# Suicide Trunk ?



## godspeed (Feb 15, 2005)

Anyone has one of these, i would like to see pictures if possible.

http://cgi.ebay.com/ebaymotors/ws/e...item=7966092151&category=6763&sspagename=WDVW

Thanks.


----------



## Psch91 (May 18, 2002)

Its considered a "flip flop trunk"

http://www.nissanforums.com/showthread.php?t=57556&highlight=flip+flop+trunk
http://www.nissanforums.com/showthread.php?t=7990&highlight=flip+flop+trunk


----------



## Nismo240 (Jul 24, 2004)

i was at a car show and a guy had did that with door hinges, but i don't remmeber how he did it.


----------



## xbrandonx (Mar 27, 2004)

Nismo240 said:


> i was at a car show and a guy had did that with door hinges, but i don't remmeber how he did it.
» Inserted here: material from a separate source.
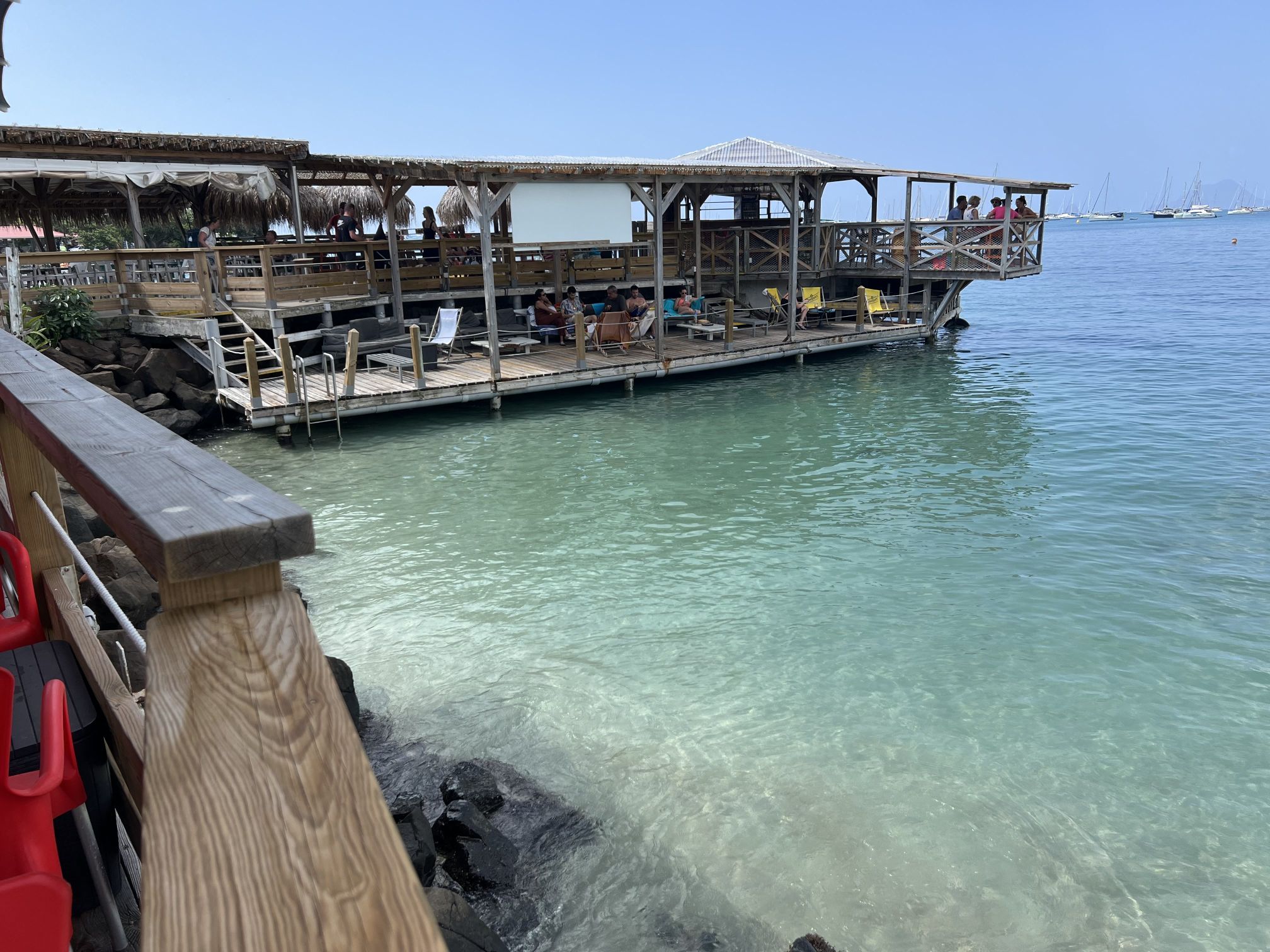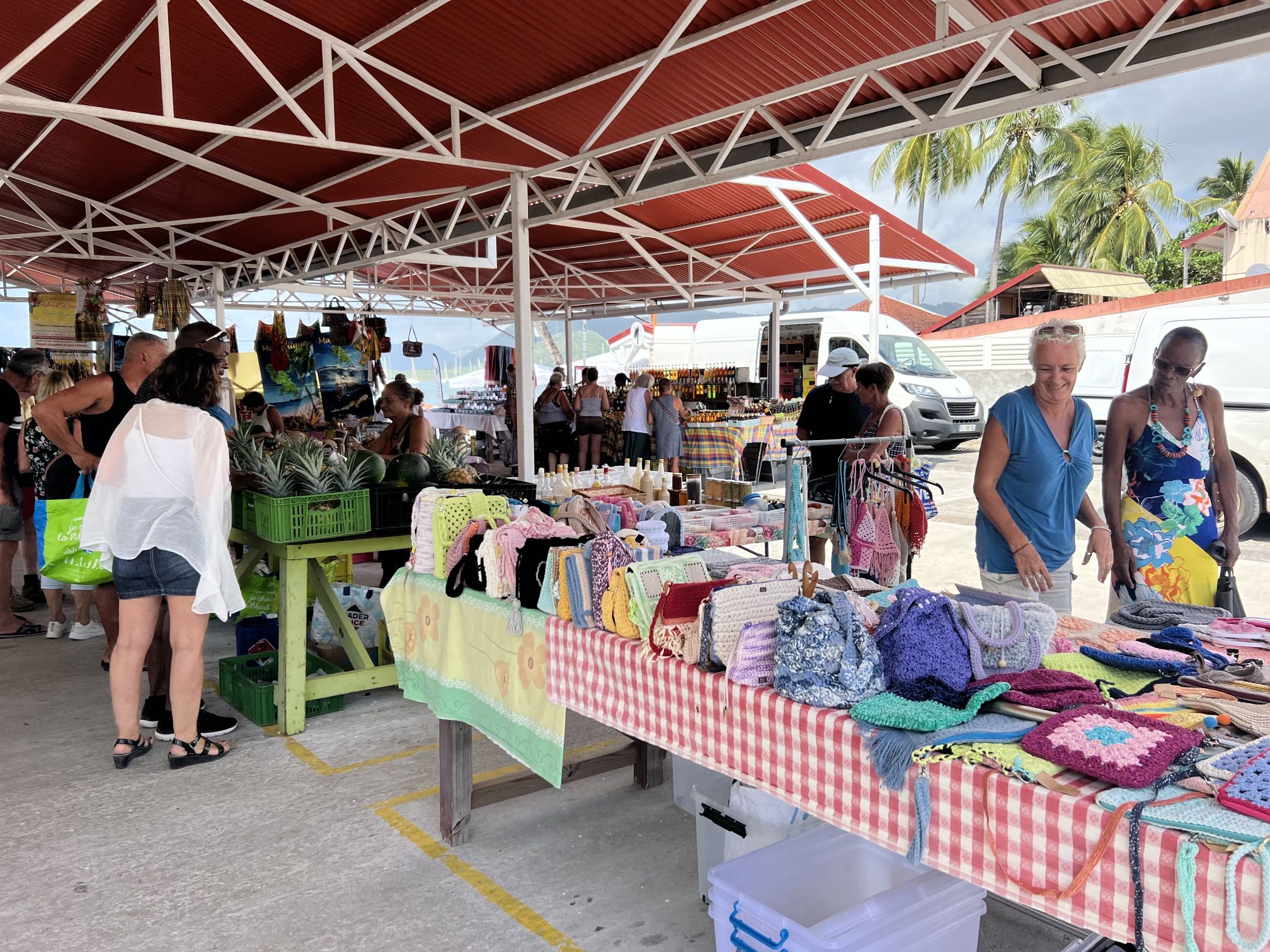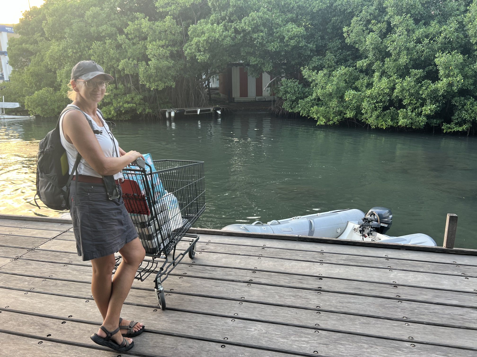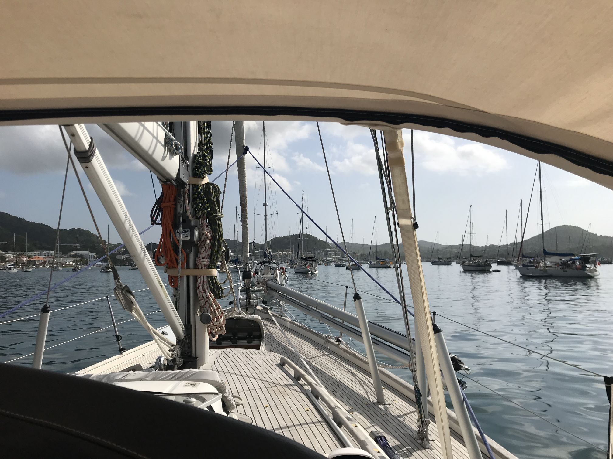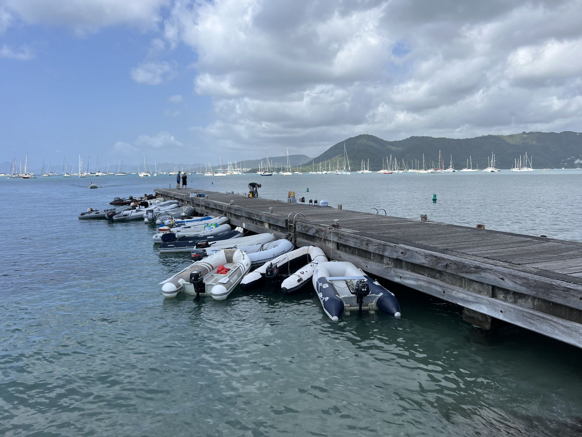 Unser Aufenthalt in Martinique wird durch das Abholen der Lichtmaschine aus St. Lucia in zwei Abschnitte geteilt. Zuerst liegen wir für vier Nächte in einem Ankerfeld vor dem Hafen von Le Marin. Dort gibt es einige große Ankerfelder mit bestimmt einigen hundert Booten. Wir finden einen geschützten Platz relativ nah am Hafen und auch in der Nähe des Dingi-Docks vom Supermarkt (!!!). Voll krass. Einkaufen im französischen Supermarkt und dann mit dem Korb direkt zum Dingi-Dock fahren. Was für ein Luxus. Unsere Getränkelager können problemlos und ohne große Schlepperei aufgefüllt werden. Da Martinique ein Überseegebiet von Frankreich ist, hat der Supermarkt ein relativ gutes Angebot. Also werden auch die Vorräte aufgestockt.

first link above you has a write up posted.


----------



## Nostrodomas (Jun 15, 2002)

It never works out. It will never sit right, it will leak, and rattle. Tust me, it isnt worth it. To many people have tried and failed. Inluding me.


----------



## mzanubis (Feb 19, 2003)

i never liked the look. always looked a little ricy and frankly stupid. take a lot of the usefullness out of the trunk as well. i mean, how are you gonna fit grocerys in there?!


----------



## xbrandonx (Mar 27, 2004)

you can set it to open the trunk normally. And it isn't usefull except at shows for show points.


----------



## JayL1967 (Apr 30, 2002)

Nostrodomas said:


> It never works out. It will never sit right, it will leak, and rattle. Tust me, it isnt worth it. To many people have tried and failed. Inluding me.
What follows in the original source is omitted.